TASK TO COMPLETE:
Copy out all of the lines below exactly; the pictures do not belong in the copy.

DATA SECTION:
++++
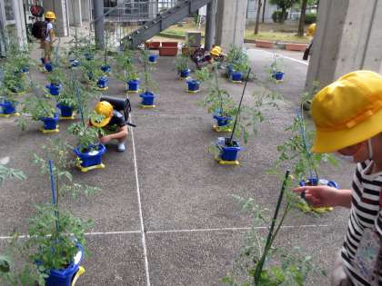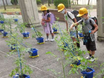 まだ青いミニトマトですが、大きな実がたくさんついています。
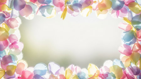A soft frame of translucent pastel flower petals in pink, purple, blue, and yellow against a bright white background with a gentle bokeh effect.
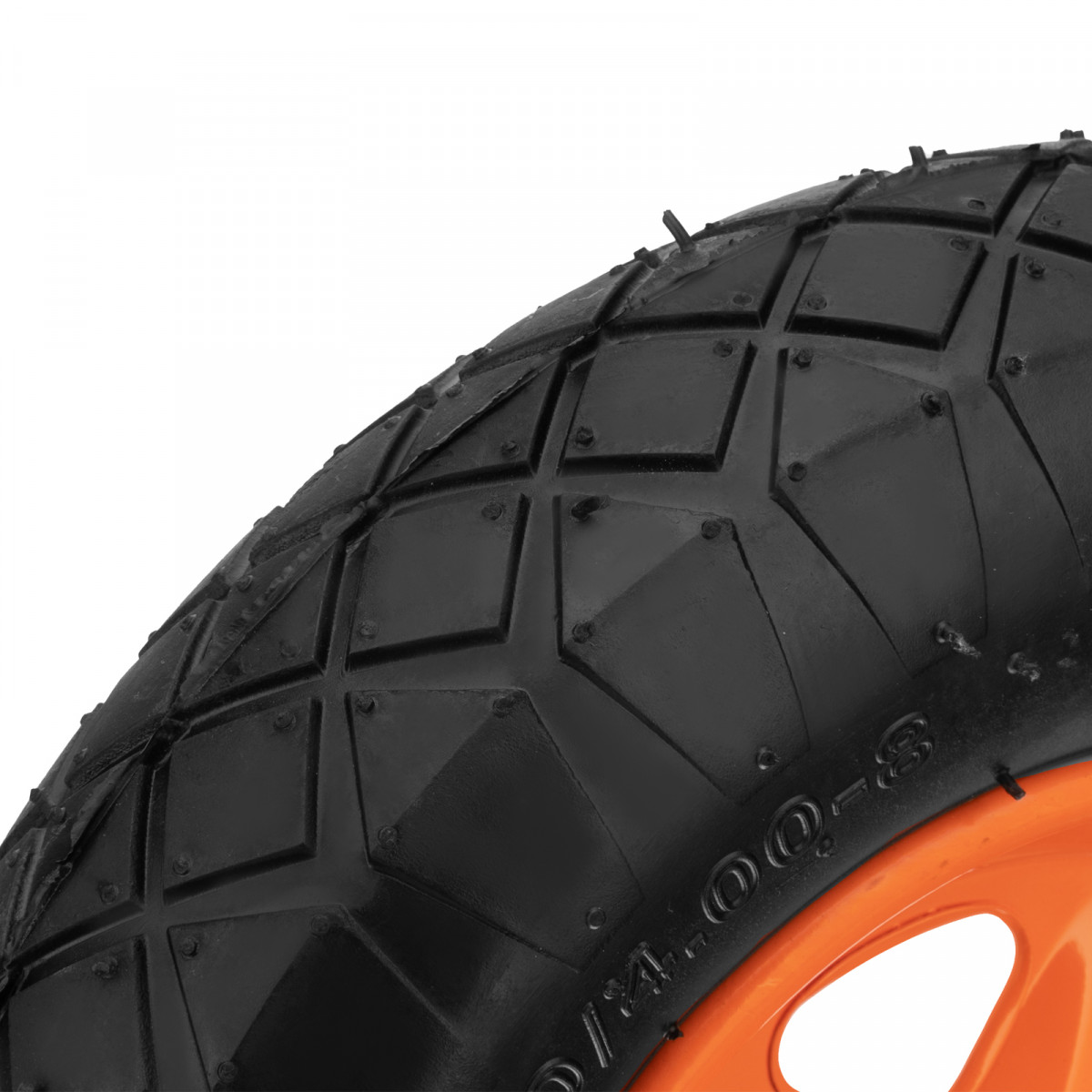 • Двухслойная покрышка с протектором — колесо устойчиво к повреждениям и обеспечивает маневренность тачки.
++++
RESPONSE TO THE TASK:
 まだ青いミニトマトですが、大きな実がたくさんついています。
A soft frame of translucent pastel flower petals in pink, purple, blue, and yellow against a bright white background with a gentle bokeh effect.
 • Двухслойная покрышка с протектором — колесо устойчиво к повреждениям и обеспечивает маневренность тачки.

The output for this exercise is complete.